国民に12桁の個人番号を割り振ったマイナンバー通知カードについて「視覚障害者への説明や配慮が不十分では」という問い合わせが桐生市に寄せられていたことがわかった。16日の市議会で明らかになった。この問題に桐生視力障害者協会の東間みち子会長は「自分の番号を知りたいけれど、印刷された番号を読むことができず、誰かに頼むこともできない」と不安を示した。
11月から送付が始まったマイナンバー通知カードは封筒に通知カードであることを知らせる点字が表記されているが、通知カード自体には点字がない。

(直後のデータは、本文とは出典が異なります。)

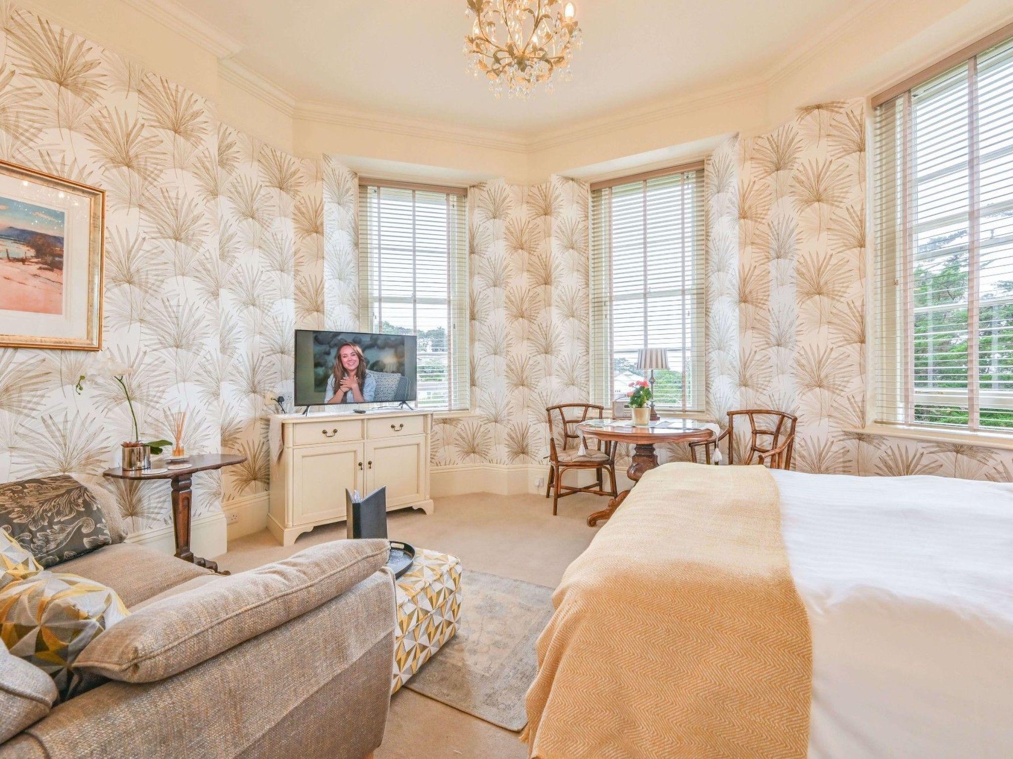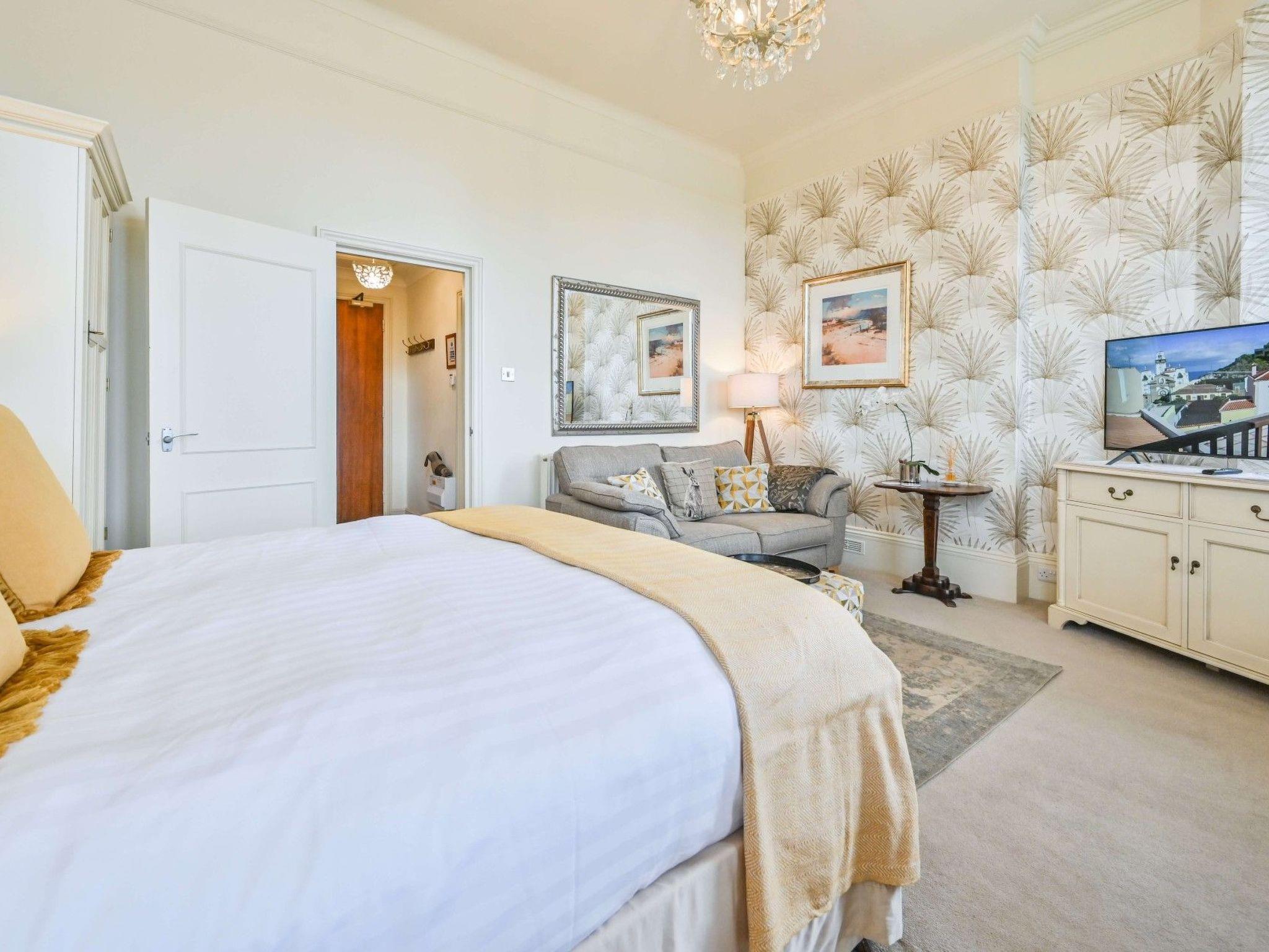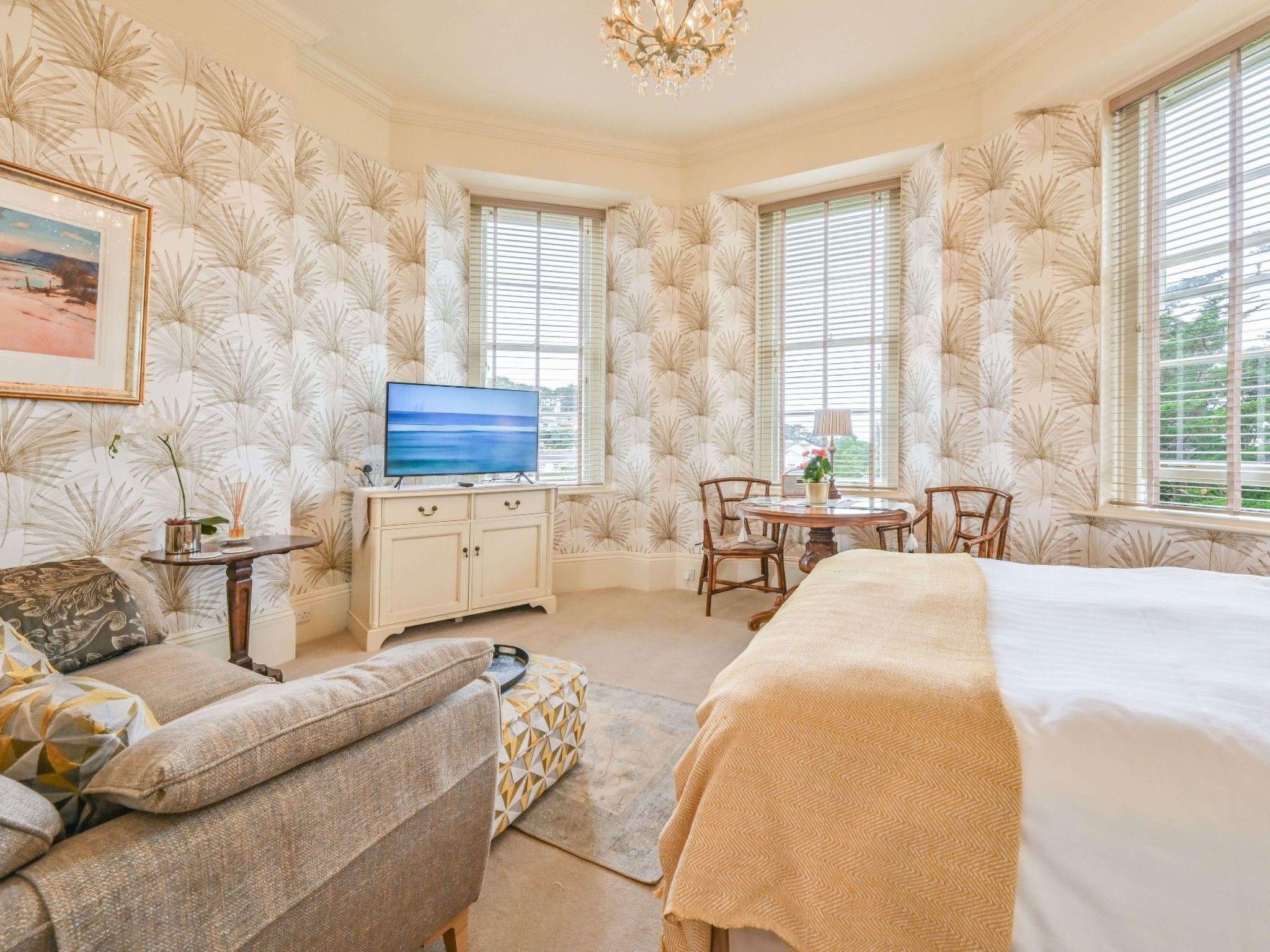 Spacious First Floor Studio Apartment with distant sea glimpses The studio apartment is located on the first floor of the grand Victorian villa which was built for one of Torquay's Members of Parliament. It is accessed via the grand sweeping staircase and the hallways that feature ornate original plaster work. The building itself is located in the Wellswood area of Torquay. This is a desirable, leafy residential area just a few minutes' drive from Torquay harbour and town centre. Beaches and coves are also within easy walking distance as is the area locally known as "Wellswood Village" which has wonderful amenities such as a pub, delicatessen, patisserie, pharmacy, post office, beauty salons, bistro, cafe, restaurant, boutique, florist and much much more. It is ideally placed to take advantage of all that the English Riviera has to offer including the World Famous Kent's Cavern which is just a ten minute walk from the apartment. Other local attractions include Babbacombe Model Village, Torre Abbey, Agatha Christie's house at Greenway, Torquay Museum and Paignton Zoo.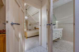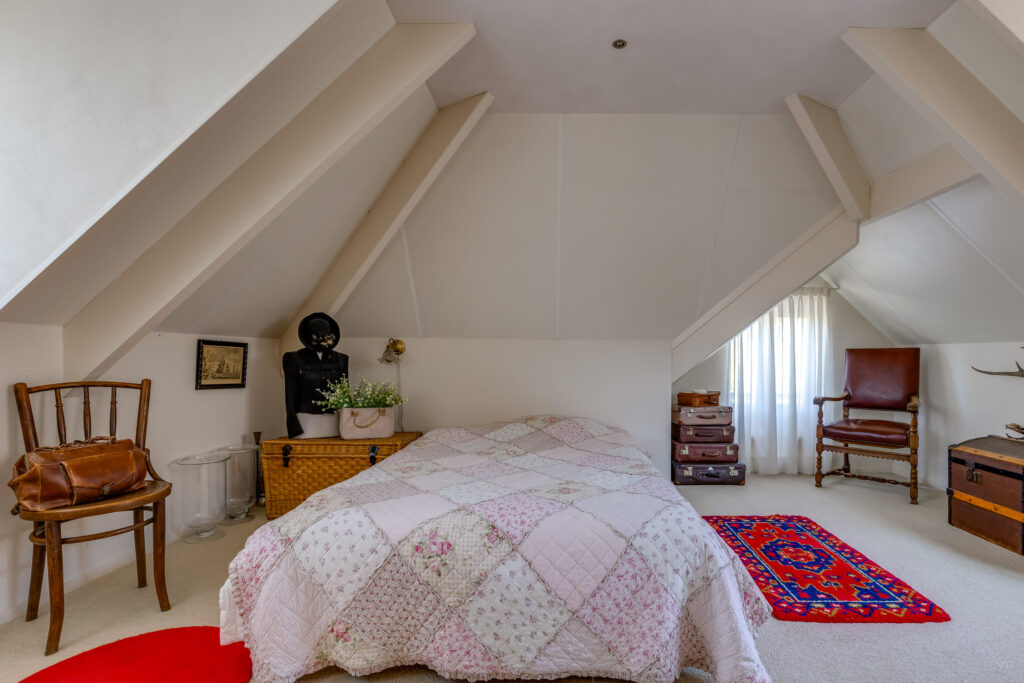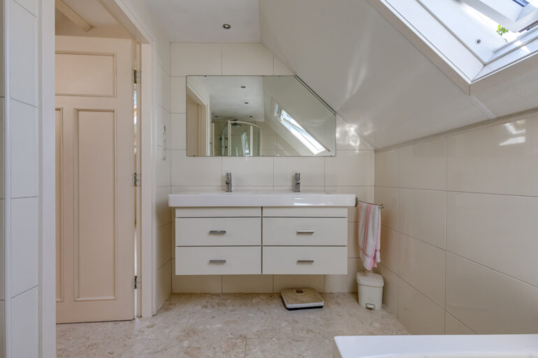 1e Verdieping: Overloop met schuifwandkasten, slaapkamer met 2 dakkapellen en balkon, slaapkamer, 2e overloop met dakraam, geheel betegelde badkamer met dakraam en voorzien van ligbad, douchehoek, 2e wandcloset, dubbel wastafelmeubel, ruime slaapkamer met dakraam en deur naar balkon.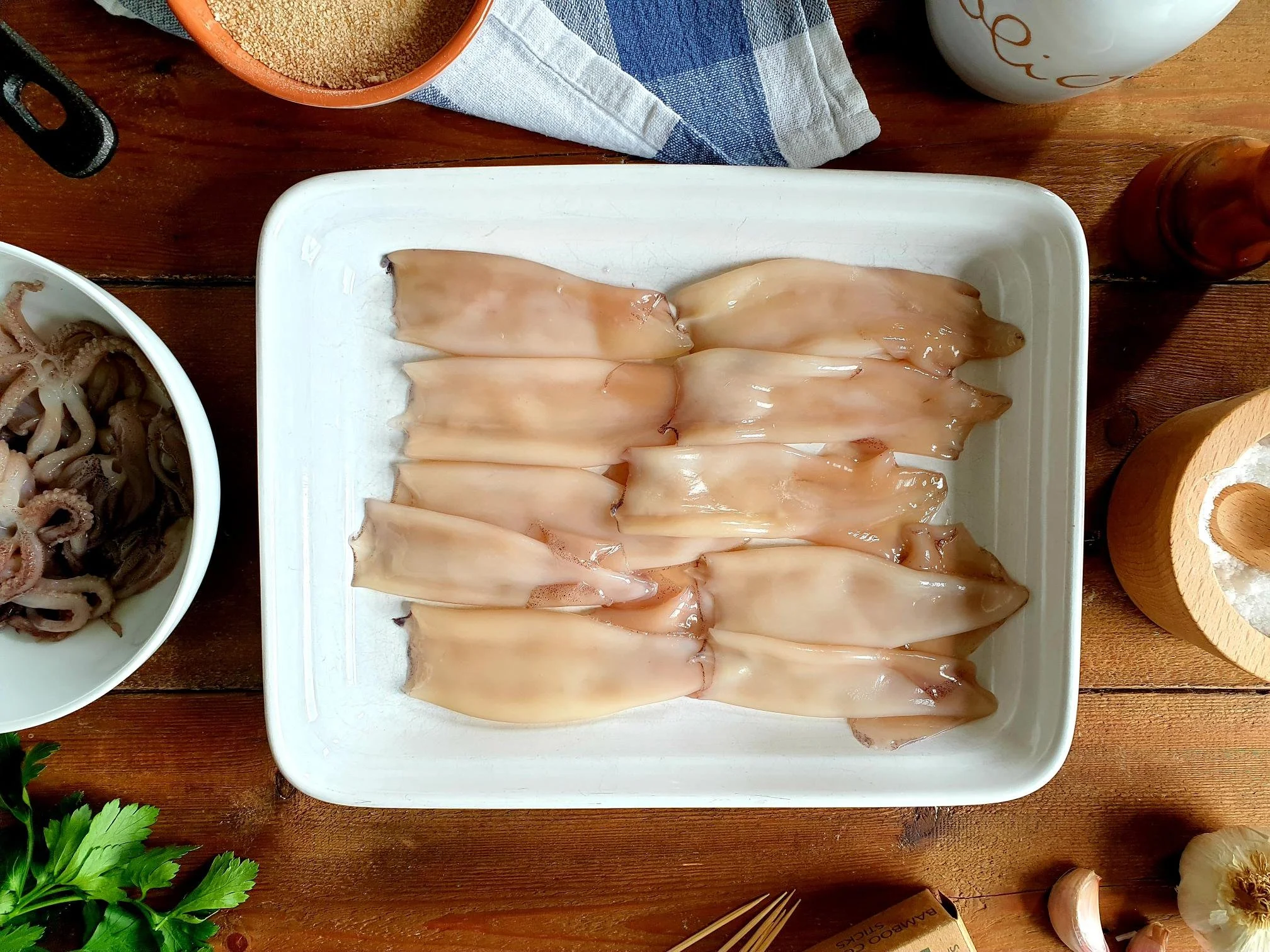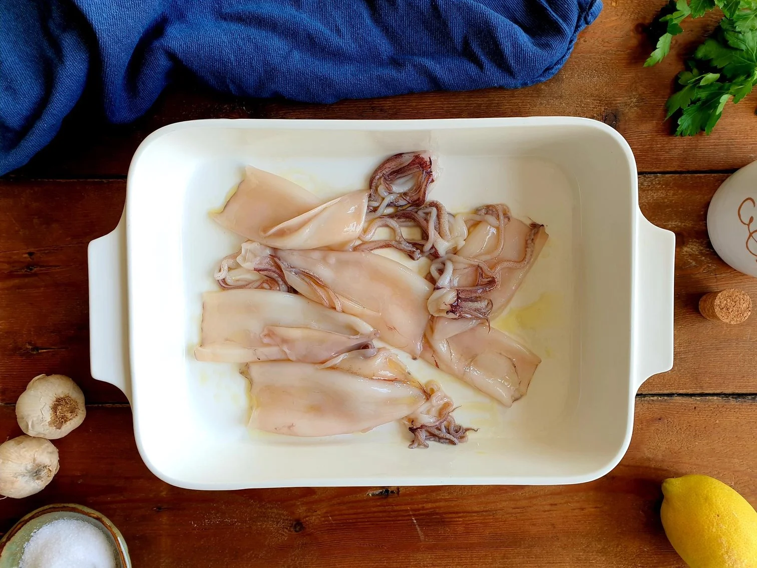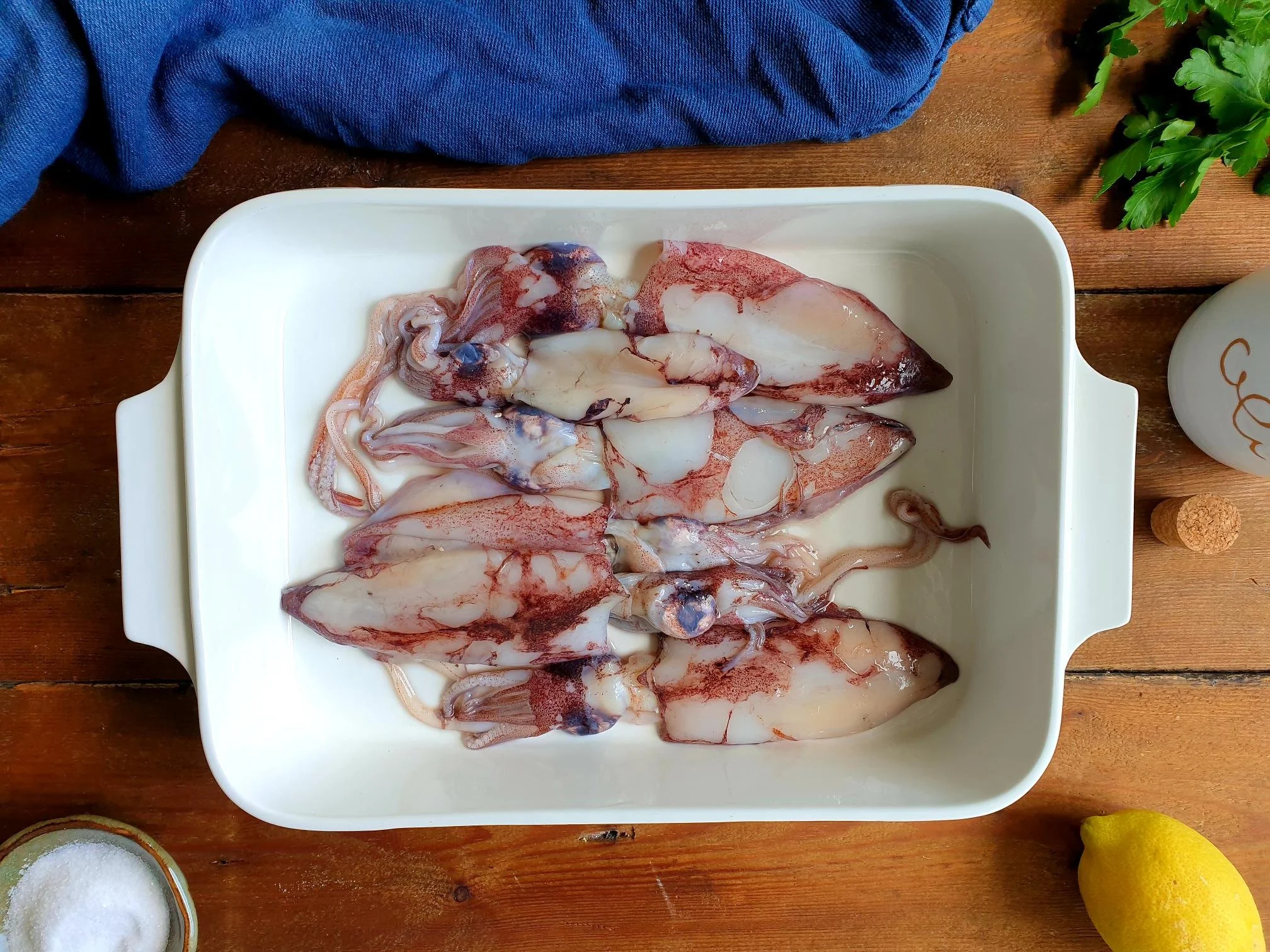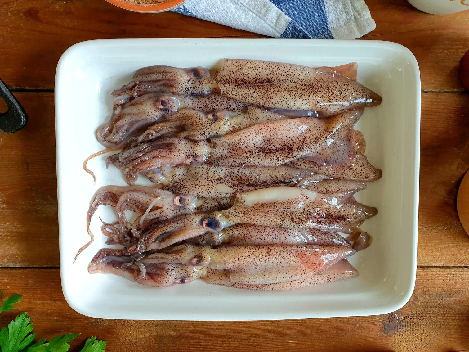 Clean and prepare the fresh squid and separate the tentacles. When cleaning the squid be careful not to damage the pockets (sacks), as the filling might come out during the cooking process.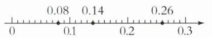 6. 先在图中表示0.08、0.14、0.26,再分别写出这3个数保留一位小数后的近似数。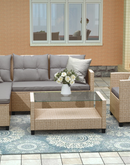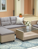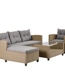 Outdoor Patio Furniture Sets, 4 Piece Conversation Set Wicker Ratten Sectional Sofa with Seat Cushions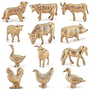 Gold Bauernhof-Tier-Charaktere,12 Stücke Gold Safari Tiere Figuren Spielzeug,Kunststoff Similation Wilde Tiere Figuren…
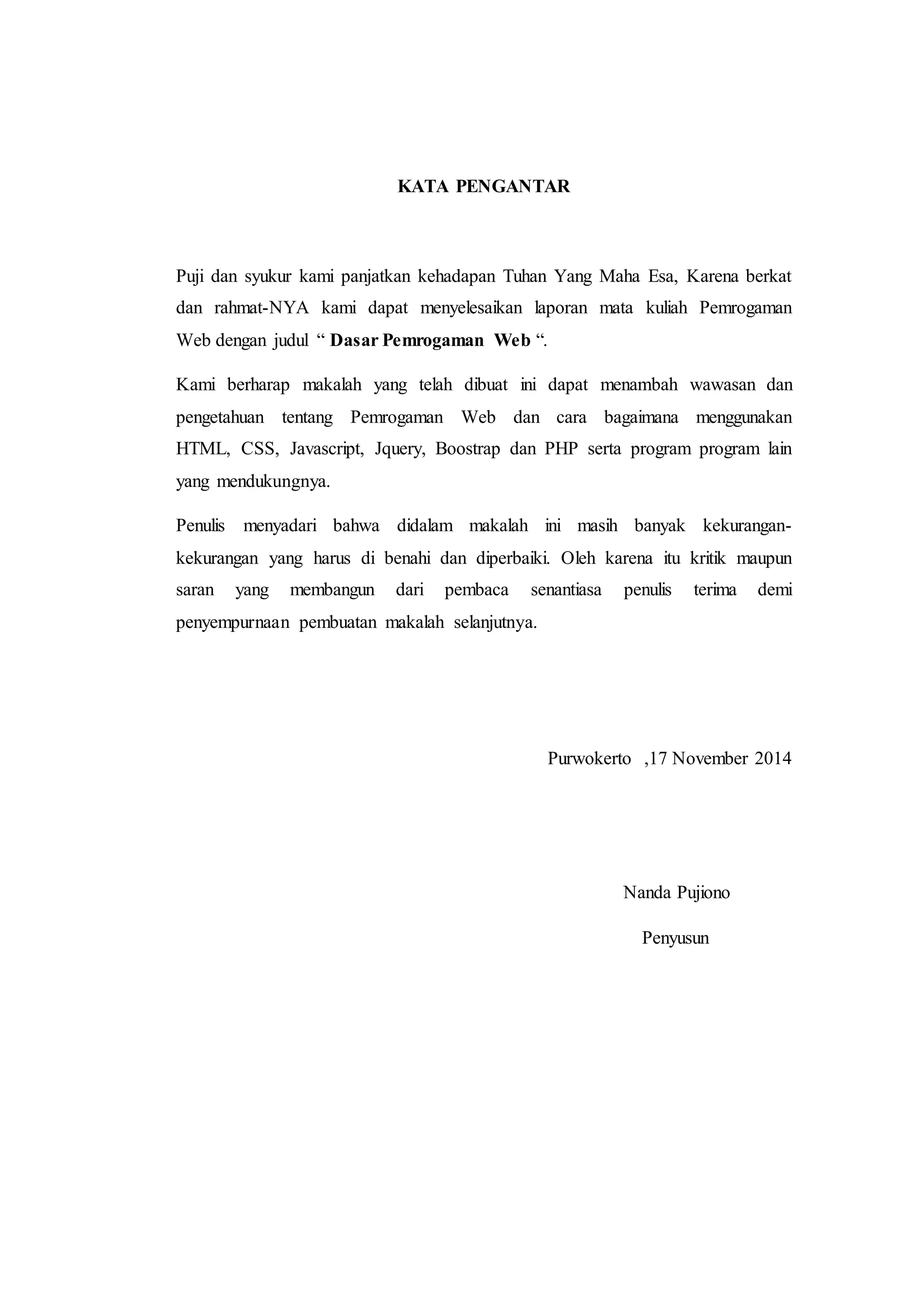 Dokumen ini adalah laporan praktikum dasar pemrograman web yang memberikan pemaparan tentang HTML, CSS, JavaScript, jQuery, Bootstrap, dan PHP. Penulis, Nanda Pujiono, menyusun laporan ini untuk memenuhi tugas kuliah dan berharap dapat memberikan wawasan bagi pembaca. Terdapat berbagai contoh kode dan penjelasan mengenai cara penggunaan masing-masing teknologi web tersebut.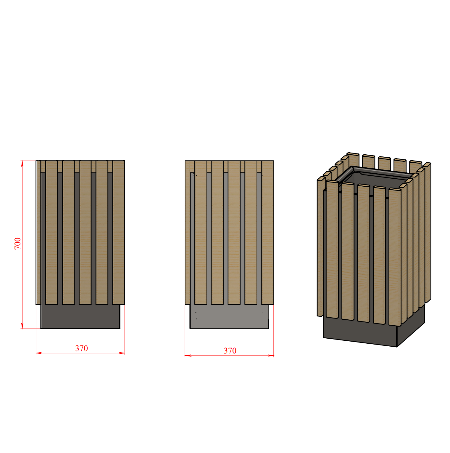 Долговечность: Комбинация оцинкованного или окрашенного металла и стойкой к гниению лиственницы делает урну пригодной для круглогодичного использования в любых погодных условиях.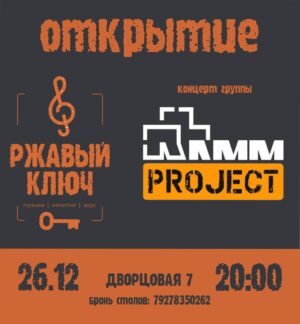 Открытие «Ржавого ключа» — новейшей концертной площадки, бара и ресторана! 🎉 26 декабря мы с радостью открываем двери нашего уникального заведения «Ржавый ключ»! Это не просто бар или ресторан — это место, где живет музыка, стиль и уют. 🔥 В честь открытия выступит рок-группа из Сочи — кавер-шоу RAMMSTEIN — RAMMproJect ! Они исполняют каверы Rammstein и готовят для Вас настоящее шоу с неповторимой энергетикой и качественным звуком. 💪 Мы вложили массу сил, души и времени, чтобы создать пространство, где каждый почувствует себя дома. Для нас важно услышать ваше мнение – Ваше впечатление значит для нас очень многое! 🎟 Вход на открытие — бесплатный! Ждём Вас с 20:00, чтобы вместе начать это незабываемое путешествие. 🔞возрастное ограничение 18+ 📞 Бронируйте столики заранее по номеру +7 927 835-02-62 Ждём каждого — будет мощно, вкусно и атмосферно! *заведение оставляет за собой право отказать в посещении без объяснения причин ❕количество мест ограничено |

専用の機器やスマートフォンで読み取ると番号を音声で確認できるコードがついているが、機器・スマートフォンの普及率は低く、東間会長は「結局、誰かに読み上げてもらう必要がある」という。
視覚障害者の中には一人暮らしの人や、夫婦ともに障害を持ち、家族に読み上げを頼むことができない人もいる。東間会長は「通知カードと言われても封筒の中に何が入っているかすら確認できなかった」。
通知カードに印刷された番号を読み取ることができないため、点字などで記録しておきたいと考えているが、読み上げと同様に人に頼むことが難しい。「誰に点訳してもらえばいいのか。迷惑がかかったらいけないと思ってヘルパーさんやボランティアさんにも頼めない」と悩む。
桐生視覚障害者協会は15日、市職員を招いてマイナンバー制度説明会を実施。同協会から、視覚障害で番号が読み取れない人や、記入の際に代筆が必要な人への配慮や対策など「視覚障害者独特の問題があることを市に伝えることができた」という。
市は18日の市議会で、通知カードで交付申請する「個人番号カード」について、「要望に応じて専用カードケースに個人番号・住所の点字シールを貼る方向で検討している」と明らかにした。